2 место Тематического конкурса «Отчий дом». Клуб Слава Фонда.


   Я возвращаюсь домой. «Да-да, да-да-да-а-а», – гудят рельсы, стакиваясь с тяжёлыми ободами колёс, «нет-нет, вз-з-нет-нет», – злобно взвизгивает полуоторванный крючок на стенке вагона. За окном нависает, как плита, зеленовато-сизое рассветное морозное небо, по краям уже тронутое алым – солнце вот-вот пробьётся сквозь эту с виду плотную субстанцию.   

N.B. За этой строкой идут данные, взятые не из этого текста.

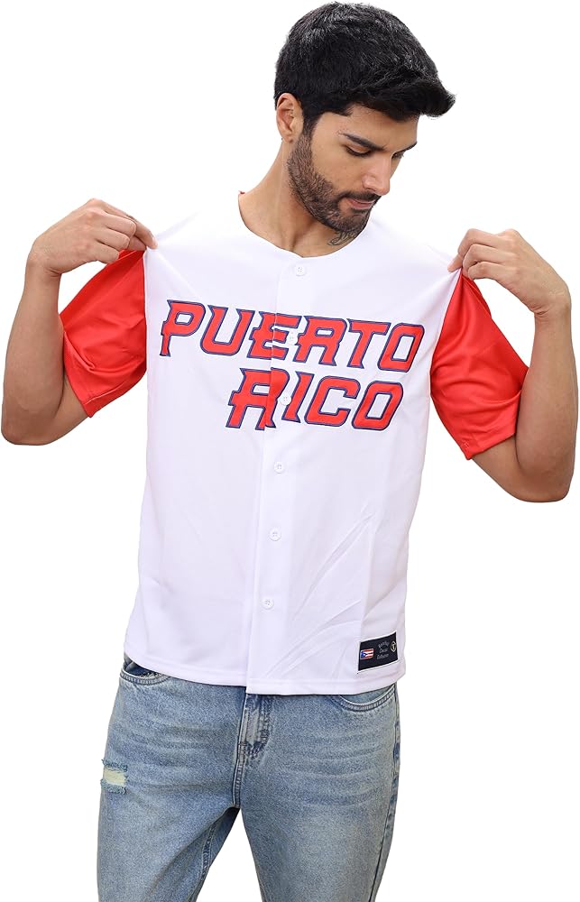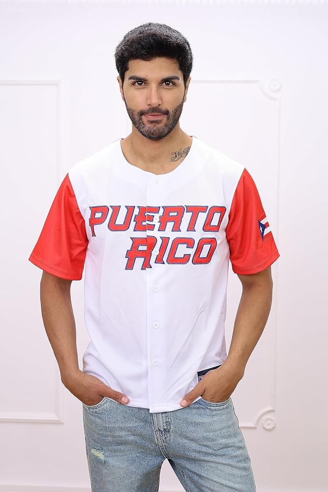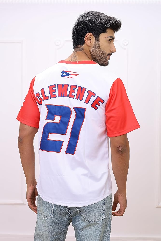 Puerto Rico Classic Baseball Jersey. Meticulously crafted to celebrate the legendary Roberto Clemente, this iconic jersey features the revered number 21 in exquisite embroidery, making it a must-have for fans and fashion aficionados alike. Designed with a harmonious blend of white and red, this jersey epitomizes classic baseball aesthetics while offering a fresh, modern vibe. Whether you're cheering from the stands, reliving history, or simply seeking a unique addition to your casual wardrobe, this jersey stands out. Its exclusive design, high-quality materials, and attention to detail make it not just a piece of sportswear, but a tribute to a hero of the game

   Поездка, как всегда, сначала обременительна – тяжело заставить себя выйти в темноте из домашнего тепла на холод, чертыхаясь, пробираться по заваленному снегом двору, торопиться по неосвещенной улице к первому трамваю, перекладывая из руки в руку тяжеленную сумку. Потом – вокзальная толчея, в спешке хватаю билет, радуясь, что успела, и устраиваюсь в первом вагоне электрички. В такой ранний час люди немногочисленны, неразговорчивы, и я тоже сижу, закрыв глаза, представляя себе, как подъезжаю наконец к старым гаражам – это почти визитная карточка моего Бобруйска.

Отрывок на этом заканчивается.